An SSH client usually doesn't just fail silently — it names the reason, and that immediately narrows things down:

  • `Connection refused` (the full line usually reads ssh: connect to host 185.246.66.12 port 22: Connection refused) — the server answered "nobody's listening here": the packet got through, but the connection was rejected outright. Usually that means sshd isn't running or is listening on a different port (Step 5); less often, your IP was just banned by fail2ban (Step 6 — fail2ban's default ban action actively rejects rather than staying silent) or an explicit firewall rule is rejecting the connection. Either way, the network and the IP address are fine — the server did answer you.
  • `Connection timed out` (ssh: connect to host 185.246.66.12 port 22: Connection timed out), or the connection just hangs with no response at all — unlike "refused," nothing came back here whatsoever. Usually a firewall is silently dropping the packets — for example, ufw's default policy (Step 4) — or the server is off (Step 2), or you've got the wrong IP address (Step 3).
  • `Permission denied (publickey,password)` (or (publickey) if the password is disabled) — the network, the firewall, and sshd are no longer the issue: the connection is already established, sshd is answering, it just didn't accept your credentials. That's a login, password, or key problem (Step 7).
Tip: if the message isn't clear, or the connection just hangs with no explanation, run ssh -v root@185.246.66.12 — the -v flag shows exactly where things stop: before the TCP connection, during protocol negotiation, or already at authentication. For maximum detail there's -vvv.
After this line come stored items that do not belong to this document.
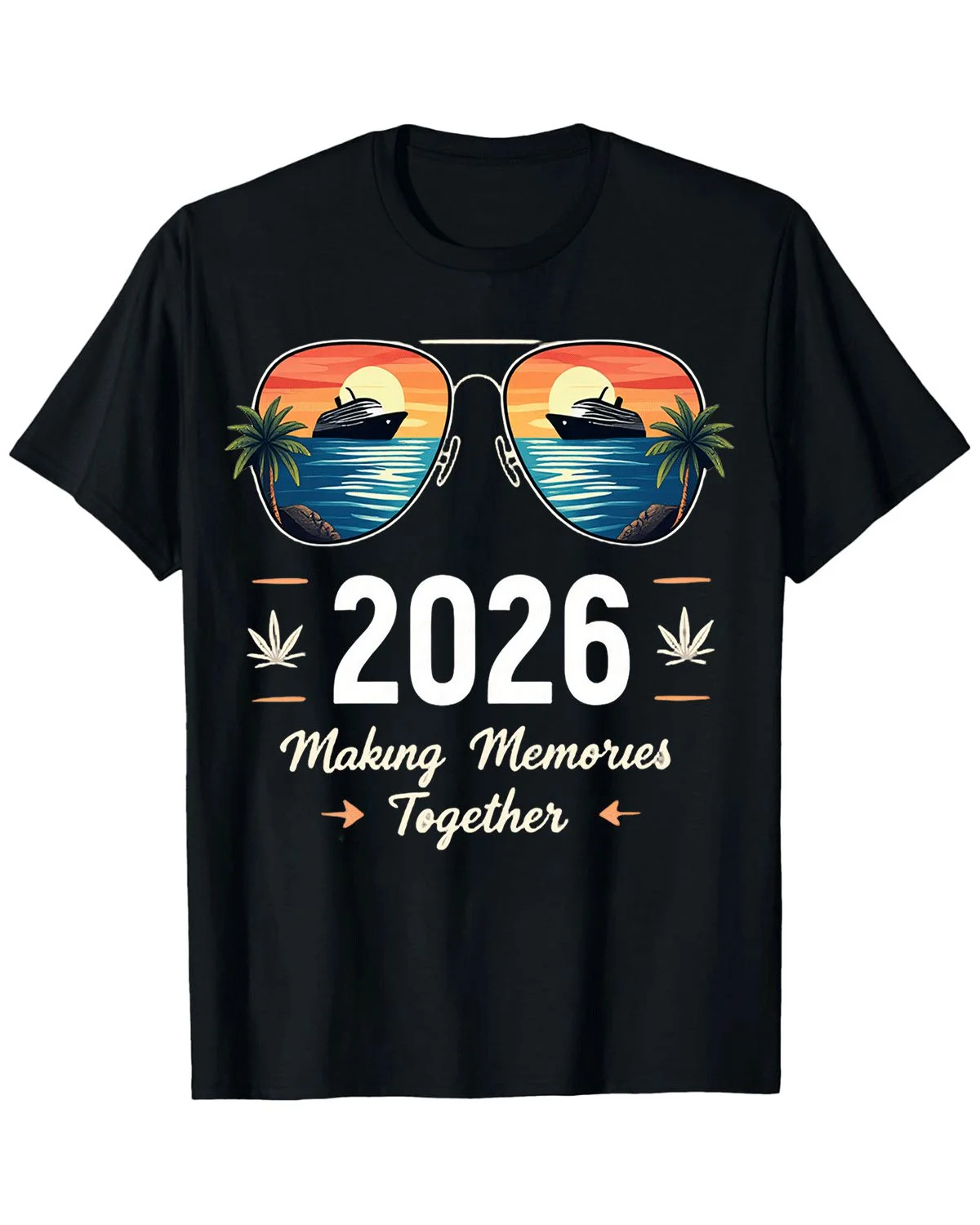 2026 New Year Sunset Cruise Making Memories Summer Cotton Graphic T Shirt - Casual Vintage, Short Sleeve, Soft Fabric, Comfortable Fit
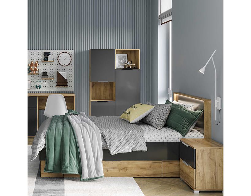 | Особливості | LED підсвічування в узголів'ї. У підніжжя - три відкриті функціональні ніші. Дві висувні ящики для білизни. |
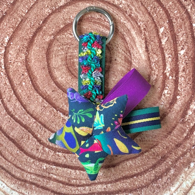 パッチワークのお星様をリボンで飾った流れ星のバッグチャームです。 カラビナを取り外すと、ブローチ&ヘアクリップのコサージュとして使用できます。 デザインは全て一点もののため、貴方だけの願い星を見つけてくださいね。 サイズ(カラビナ含む) 縦 約13cm 横 約9cm

Step 2. Make sure the server is actually powered on

  1. Log in to the VMmanager 6 panel — see "How to log in to VMmanager 6".
  2. Find your server in the VM list and check its status.
  3. If the server is off, open the "⋮" menu next to it and choose "Start."
  4. If it's listed as running but isn't responding to anything at all, the same menu also has "Restart."
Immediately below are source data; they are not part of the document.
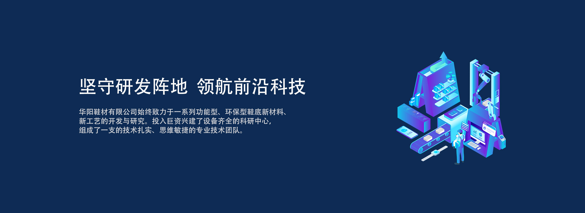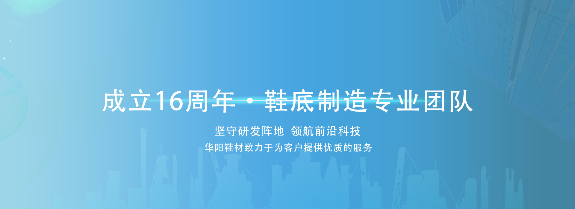 華陽(yáng)鞋材于2004年成立,傳承晉江傳統(tǒng)工匠精神與現(xiàn)代化工藝技術(shù)完美融合,全面滿足客戶需求,成為國(guó)內(nèi)市場(chǎng)上專業(yè)的鞋底制造商之一。多年來(lái),華陽(yáng)鞋材自主研發(fā)及引進(jìn)最先進(jìn)智能生產(chǎn)設(shè)備,致力于生產(chǎn)EVA一次(IP)成型鞋底、EVA二次(MD)成型鞋底、TPR鞋底、RB(橡膠)鞋底,TPU鞋底及配件及底材組合。
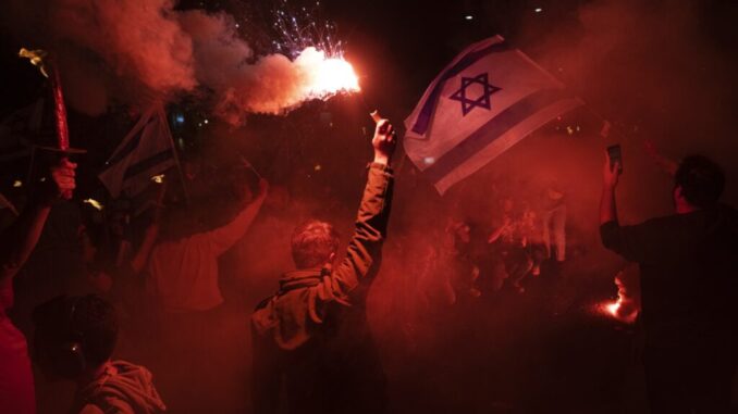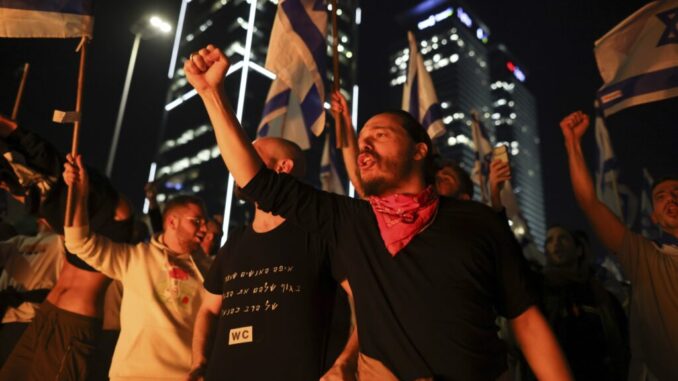 Israelis protest against plans by Prime Minister Benjamin Netanyahu’s government to overhaul the judicial system, in Tel Aviv, Israel, Thursday, March 9, 2023. (AP Photo/Oded Balilty)
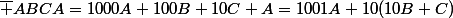 2. A partir de N = ABCA, on définit y = 11A + B +10C.
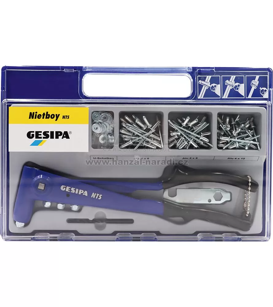 Sada trhacích nýtů Nietboy NTS a ruční nýtovací kleště NTS 136 ks. GESIPA

📷 screenshot: VM list showing the server status and the "⋮" menu with "Start"/"Restart"

Verify: the exact status text and menu item names can vary slightly by VMmanager 6 version — go by whether it shows as on/off and by the "⋮" menu next to the server.

The most reliable check is to open the graphical VNC console right in the browser — it has no separate network or firewall requirements of its own, so if the server has booted, you'll see its screen regardless. For the full walkthrough, see "VNC console and first connection (SSH/RDP)".
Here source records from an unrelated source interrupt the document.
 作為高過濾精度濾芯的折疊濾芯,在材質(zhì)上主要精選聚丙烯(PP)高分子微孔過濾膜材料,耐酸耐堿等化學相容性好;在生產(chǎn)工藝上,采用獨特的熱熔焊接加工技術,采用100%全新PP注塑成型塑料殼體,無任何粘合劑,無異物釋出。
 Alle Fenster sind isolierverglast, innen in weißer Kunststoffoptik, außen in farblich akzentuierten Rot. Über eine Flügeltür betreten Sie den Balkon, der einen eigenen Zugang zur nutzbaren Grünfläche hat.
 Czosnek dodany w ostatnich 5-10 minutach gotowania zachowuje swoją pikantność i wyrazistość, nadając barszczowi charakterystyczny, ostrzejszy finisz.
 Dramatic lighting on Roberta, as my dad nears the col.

Done: if VNC shows a login prompt (login:) or a desktop, the server is definitely on and booted — keep checking SSH with the steps below. If VNC won't open either, contact mHost support — this isn't an SSH problem.

Step 3. Check the IP address, port, and username

  • IP address. Get it from the server activation email or the "IP addresses" tab on the VM's page in VMmanager 6. It usually stays the same after an OS reinstall, but it's worth double-checking — especially if you're connecting from an old note or a saved profile in your SSH client.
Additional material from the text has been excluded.